The Rock Steady Crew - Taking it to the floor 25 years on
Author: michelle pirovich
Monday, 18 November 2002
Its hard to forget the first time we saw The Rock Steady Crew in action. From that moment each and every one of us were in the garage, the school basketball courts or whereever we could get that cardboard to fit, practicing our moves the best we could, for being a b-boy and b-girl was now the only thing we wanted to do when we grew up.
25 years have now passed since the Rock Steady Crew turned our lives quite literally upside down and a tour is currently underway in the US to pay respects to hip-hop cultures glory days. The crew won't be making it down to our shores but that doesn't mean we can't all take it to the floor and engage in a fierce up-rocking battle for old times sake.
The Rock Steady Crew was established in 1977 by Bronx b.boys Jimmy D and Jojo. When they started this crew in the streets of the Bronx, they had no idea that someday it would take them all around the world. Only the best b.boys were down with Rock Steady. They had rivals in all five boroughs of New York and for every rival there were ten kids who wanted to be down with them. However, getting into the crew was not easy. To get into Rock Steady you had to battle one of the other b.boys in the crew. It was a competition few people won.
In 1979 when the b.boying hype was beginning to die down, Jimmy D put Crazy Legs and Lenny Len down with Rock Steady just in time to add new life to the art form and take it to the next level. They became the motivating force behind the Rock Steady chapter in Manhattan, and eventually other chapters as well.

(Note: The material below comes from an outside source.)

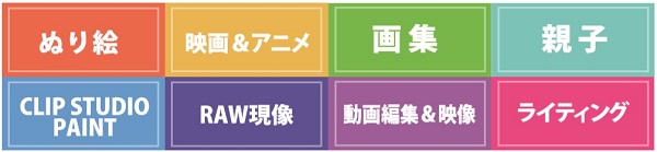 ぬり絵/映画・アニメのアートブック/マンガ家・イラストレーターの画集/親子でつくる工作/イラスト制作ソフト「CLIP STUDIO PAINT」の技法書/RAW現像の技法書/動画編集・映像の技法書/写真ライティングの技法書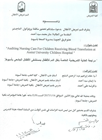 By God willing, the protocol of master thesis submitted by researcher/ Manar Mohamed Sayed Ahmed – Nursing Specialist, will be discussed on Monday, 16/1/2017, at 12:30 p.m., at the conference hall of the college.

The turning point for Rock Steady was in 1981 when people began to take notice of all the noise Crazy Legs, Frosty Freeze, Take One, Little Crazy Legs and Ken Swift were making in Manhattan. In August 1981, photographer/sculptor Henry Chalfant offered them the chance to perform at the Lincoln Center Outdoors Program. This performance, which was also a battle with rival b.boys The Dynamic Rockers, was crucial not only because it was covered by local television stations, newspapers, and National Geographic, it would later gain them worldwide exposure. Jimmy D took notice of the buzz that Crazy Legs had started in Manhattan and made him President of the entire Rock Steady Crew. Crazy Legs in turn made Frosty Freeze and Ken Swift Co-Vice Presidents.
In the winter of 1982 the Rock Steady Crew was invited to perform at the original Ritz nightclub. The list of performers that night included the Punk Rock group BOW WOW WOW, Afrika Bambaataa and the Jazzy 5. Since Afrika Bambaataa was known by many as the "Godfather of Hip Hop", the Rock Steady Crew was honored to be on the same bill. After their performance, Crazy Legs and Frosty Freeze asked Afrika Bambaataa if they could be down with the Zulu Kings, the most highly respected of all b.boys. Afrika Bambaataa allowed them as well as the entire Rock Steady Crew to become members of the Zulu Kings, knowing that they would also become an integral part of the Zulu Nation.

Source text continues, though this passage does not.